**Records for processing**
Segment Open

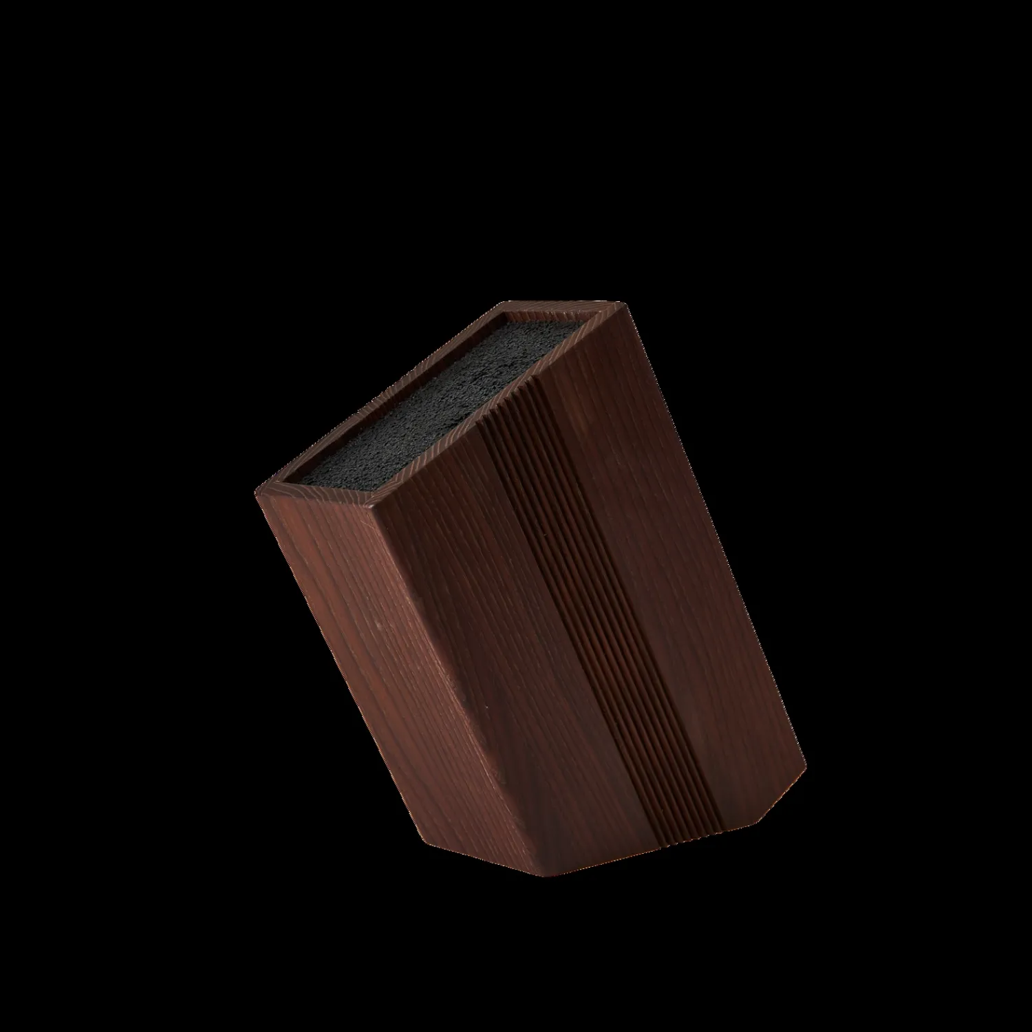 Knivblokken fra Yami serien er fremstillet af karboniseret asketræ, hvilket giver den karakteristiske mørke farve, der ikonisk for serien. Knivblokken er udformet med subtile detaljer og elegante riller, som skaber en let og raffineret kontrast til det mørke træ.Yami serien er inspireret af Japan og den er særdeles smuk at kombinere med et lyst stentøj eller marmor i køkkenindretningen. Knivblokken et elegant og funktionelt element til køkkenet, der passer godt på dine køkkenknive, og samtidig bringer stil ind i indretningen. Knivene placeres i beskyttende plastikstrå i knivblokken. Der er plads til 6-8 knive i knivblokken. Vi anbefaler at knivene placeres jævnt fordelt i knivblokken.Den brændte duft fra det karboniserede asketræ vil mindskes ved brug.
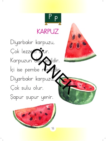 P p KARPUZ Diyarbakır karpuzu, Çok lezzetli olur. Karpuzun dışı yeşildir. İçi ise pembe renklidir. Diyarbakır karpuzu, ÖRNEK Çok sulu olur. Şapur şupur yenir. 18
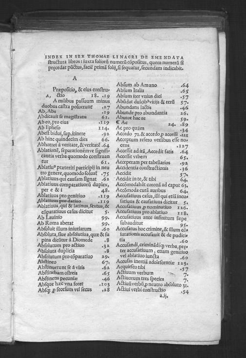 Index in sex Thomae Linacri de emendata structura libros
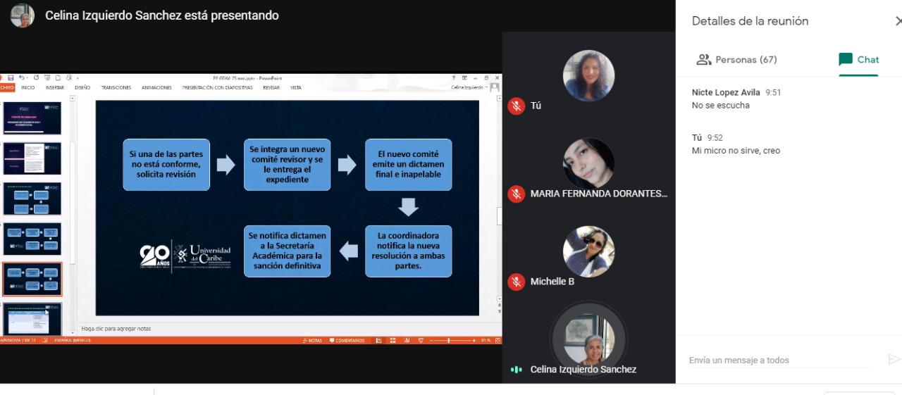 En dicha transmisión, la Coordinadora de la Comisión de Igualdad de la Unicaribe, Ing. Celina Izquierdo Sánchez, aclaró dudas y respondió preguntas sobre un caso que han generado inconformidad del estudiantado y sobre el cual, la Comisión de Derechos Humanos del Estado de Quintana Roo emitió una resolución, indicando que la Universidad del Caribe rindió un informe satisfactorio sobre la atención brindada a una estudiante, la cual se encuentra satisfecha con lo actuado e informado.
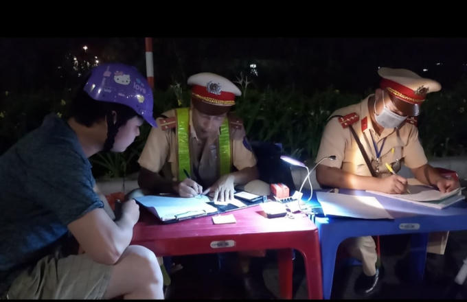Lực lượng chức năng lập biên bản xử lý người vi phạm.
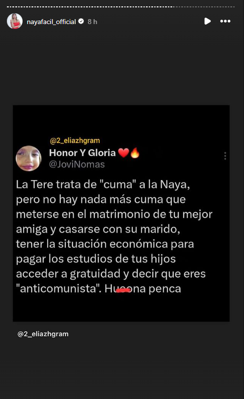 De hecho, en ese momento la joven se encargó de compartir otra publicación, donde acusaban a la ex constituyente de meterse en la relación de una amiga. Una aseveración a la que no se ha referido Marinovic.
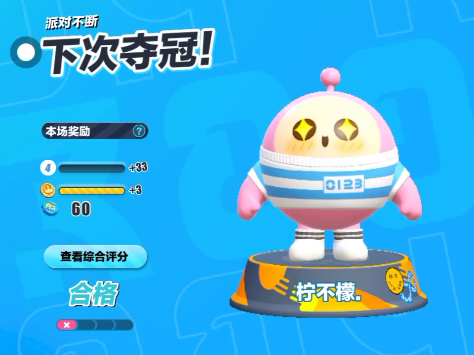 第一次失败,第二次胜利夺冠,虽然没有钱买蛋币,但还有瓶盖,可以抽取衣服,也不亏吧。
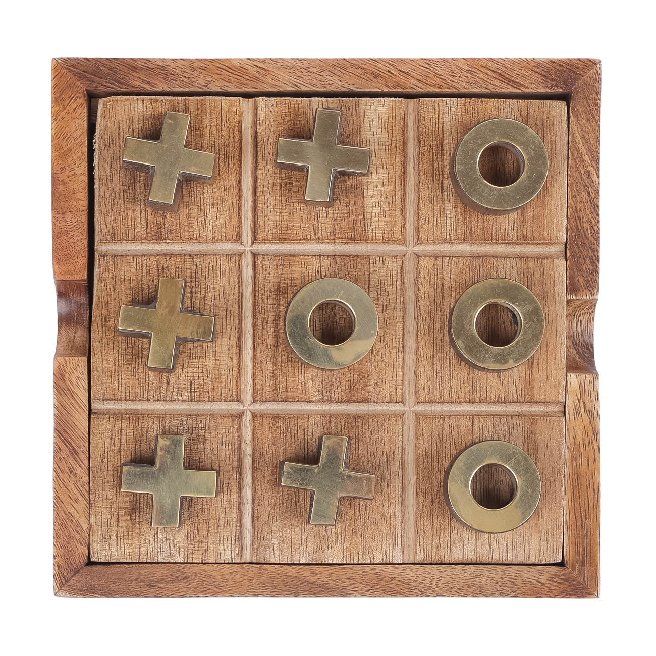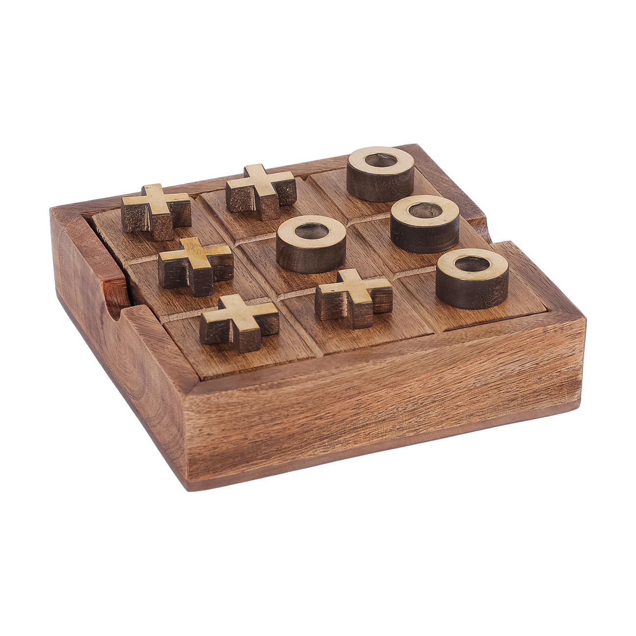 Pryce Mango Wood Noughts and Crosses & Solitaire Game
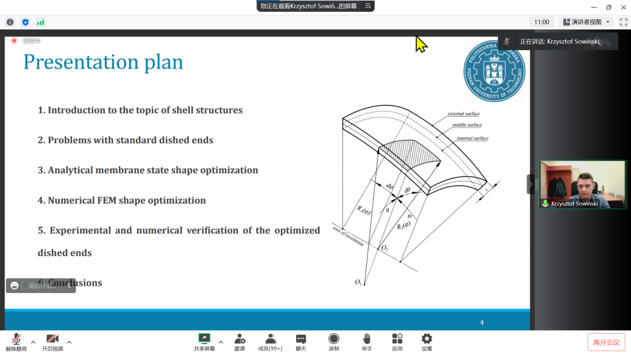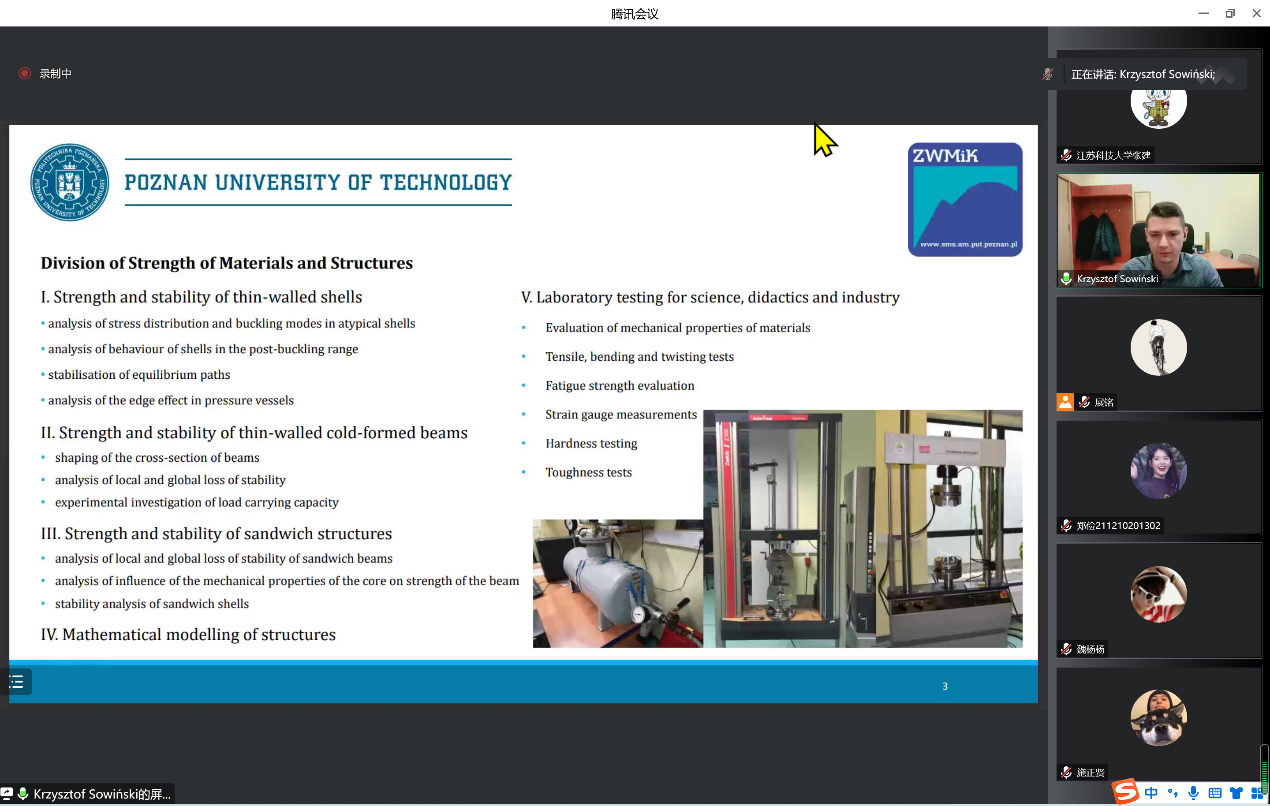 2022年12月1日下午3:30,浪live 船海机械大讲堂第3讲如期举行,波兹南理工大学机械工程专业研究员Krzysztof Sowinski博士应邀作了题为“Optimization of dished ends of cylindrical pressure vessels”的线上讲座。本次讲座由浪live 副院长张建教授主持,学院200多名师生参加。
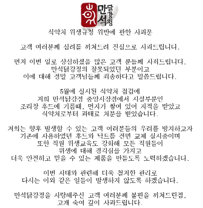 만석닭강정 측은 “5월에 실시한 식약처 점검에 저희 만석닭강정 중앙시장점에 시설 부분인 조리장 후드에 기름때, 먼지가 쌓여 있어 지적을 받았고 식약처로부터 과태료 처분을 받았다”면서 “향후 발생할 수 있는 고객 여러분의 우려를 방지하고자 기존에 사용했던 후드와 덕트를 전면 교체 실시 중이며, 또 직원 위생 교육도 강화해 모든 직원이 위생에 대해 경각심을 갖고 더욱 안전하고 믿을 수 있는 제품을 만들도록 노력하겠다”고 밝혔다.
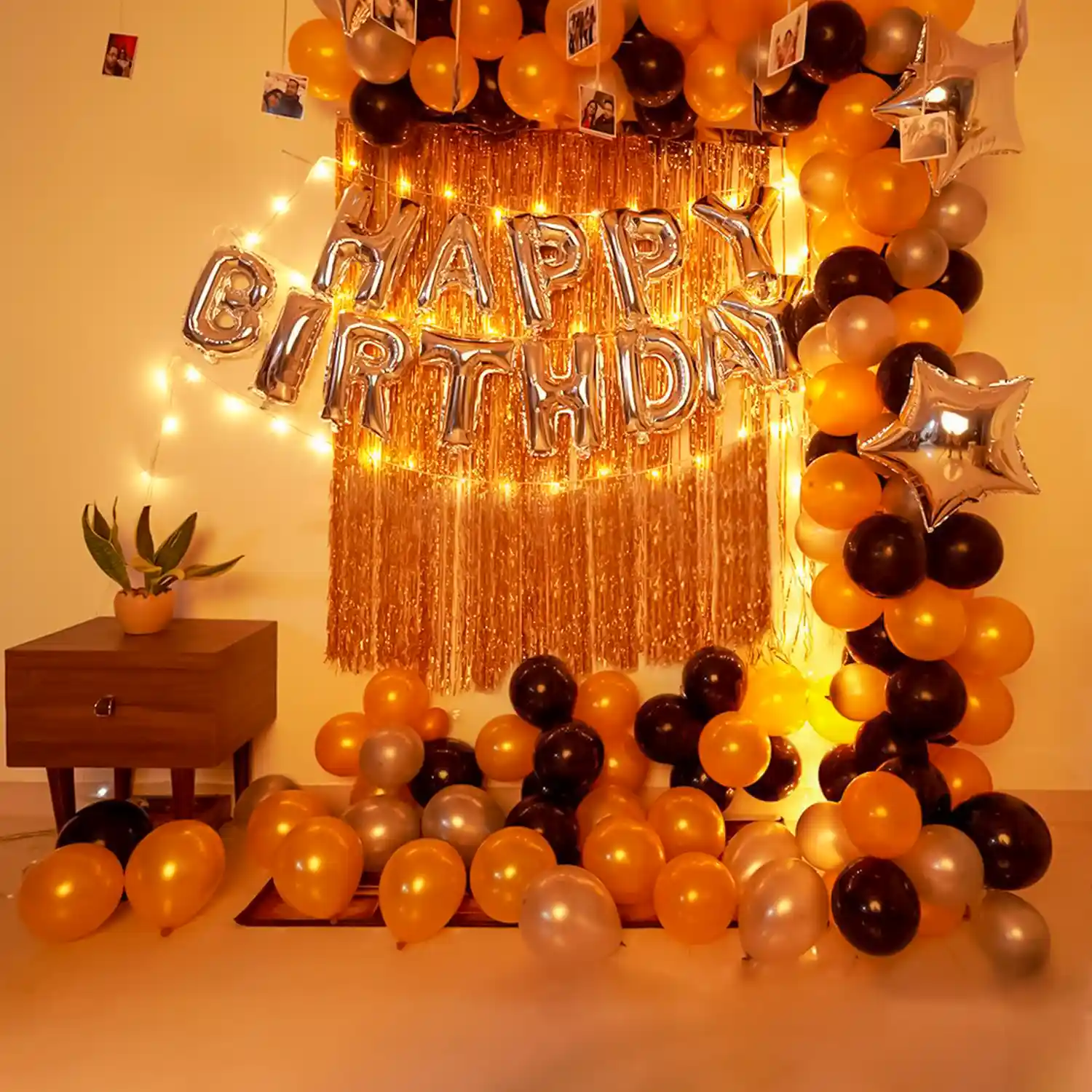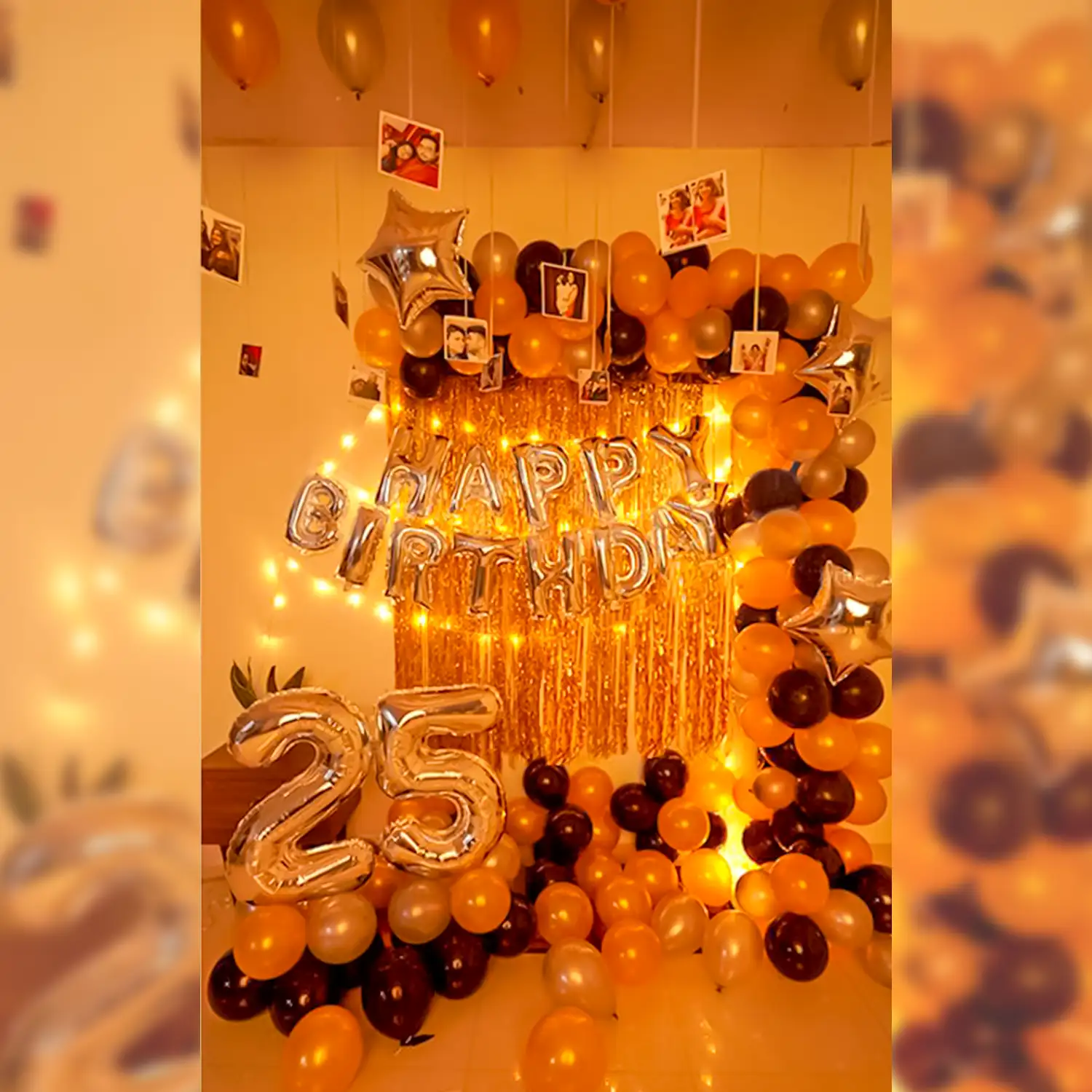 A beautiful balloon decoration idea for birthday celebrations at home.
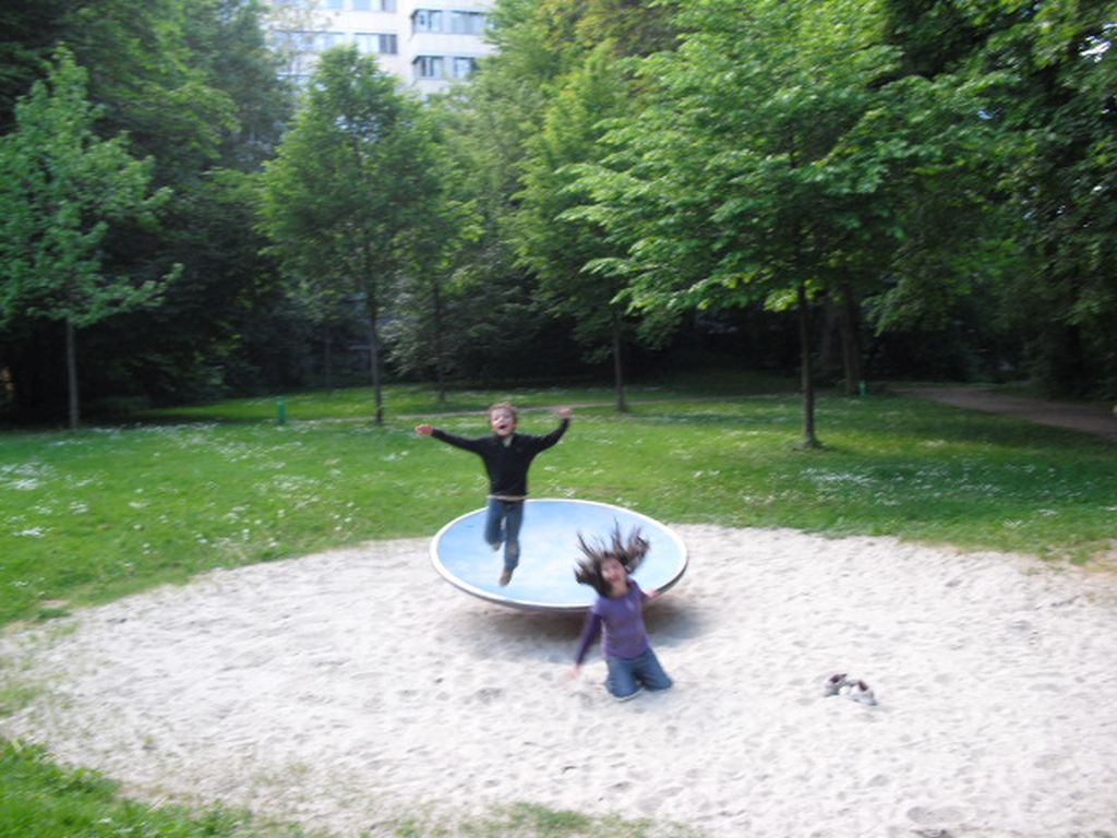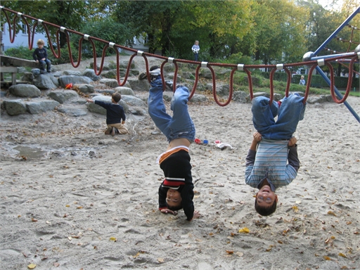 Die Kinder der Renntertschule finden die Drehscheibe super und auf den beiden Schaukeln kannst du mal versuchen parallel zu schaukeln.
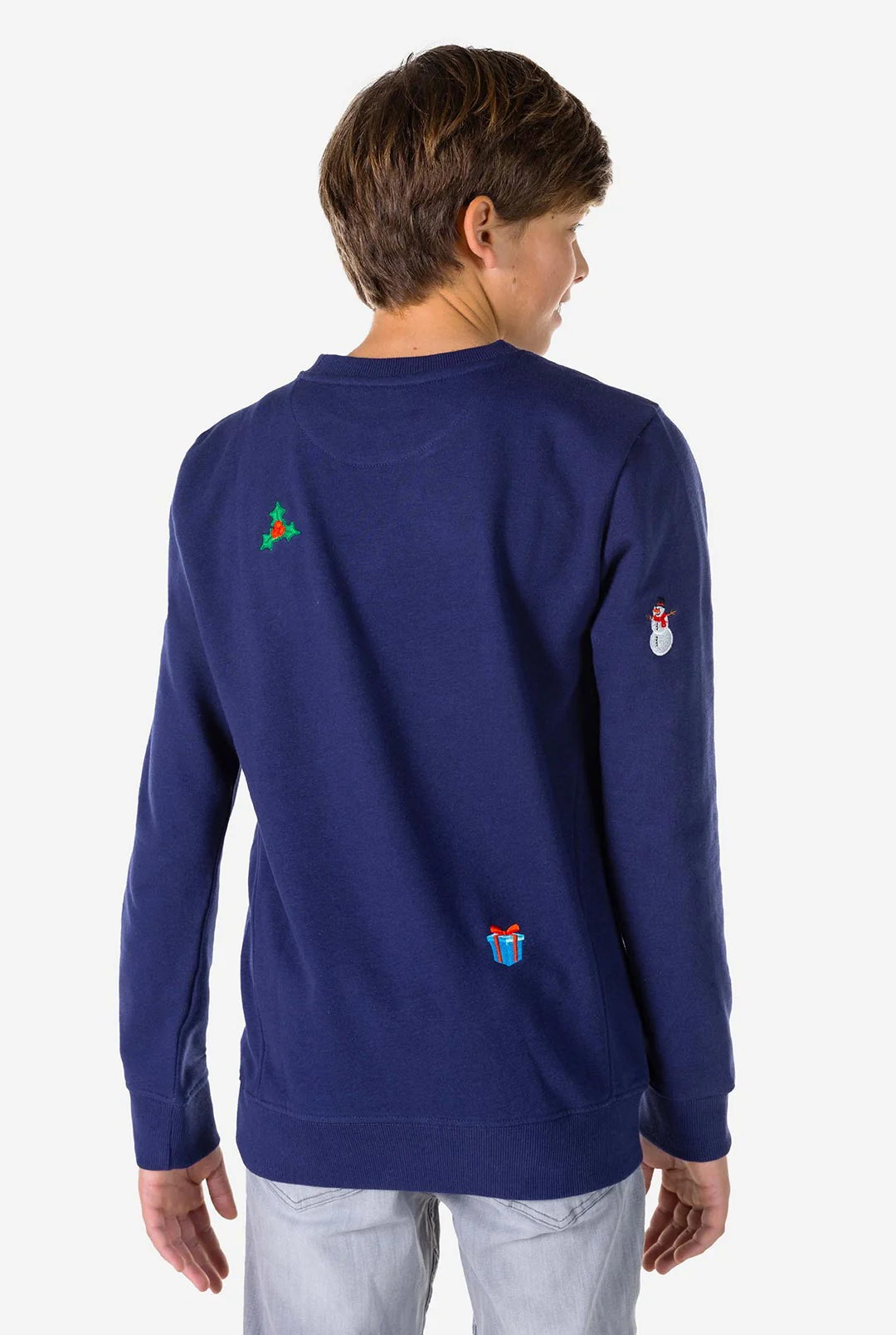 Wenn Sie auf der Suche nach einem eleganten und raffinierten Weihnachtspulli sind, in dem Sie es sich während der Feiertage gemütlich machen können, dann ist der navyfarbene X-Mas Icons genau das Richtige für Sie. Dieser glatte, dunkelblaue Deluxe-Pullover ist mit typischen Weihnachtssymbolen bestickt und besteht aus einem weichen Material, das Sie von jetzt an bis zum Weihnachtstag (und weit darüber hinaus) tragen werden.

Segment Closed

**What is required**
Copy the entries above exactly, but only the stretch from the line containing "P p KARPUZ Diyarbakır" through the line containing "En dicha transmisión, la". Keep both end lines; drop the pictures.

**Task answer**
 P p KARPUZ Diyarbakır karpuzu, Çok lezzetli olur. Karpuzun dışı yeşildir. İçi ise pembe renklidir. Diyarbakır karpuzu, ÖRNEK Çok sulu olur. Şapur şupur yenir. 18
 Index in sex Thomae Linacri de emendata structura libros
 En dicha transmisión, la Coordinadora de la Comisión de Igualdad de la Unicaribe, Ing. Celina Izquierdo Sánchez, aclaró dudas y respondió preguntas sobre un caso que han generado inconformidad del estudiantado y sobre el cual, la Comisión de Derechos Humanos del Estado de Quintana Roo emitió una resolución, indicando que la Universidad del Caribe rindió un informe satisfactorio sobre la atención brindada a una estudiante, la cual se encuentra satisfecha con lo actuado e informado.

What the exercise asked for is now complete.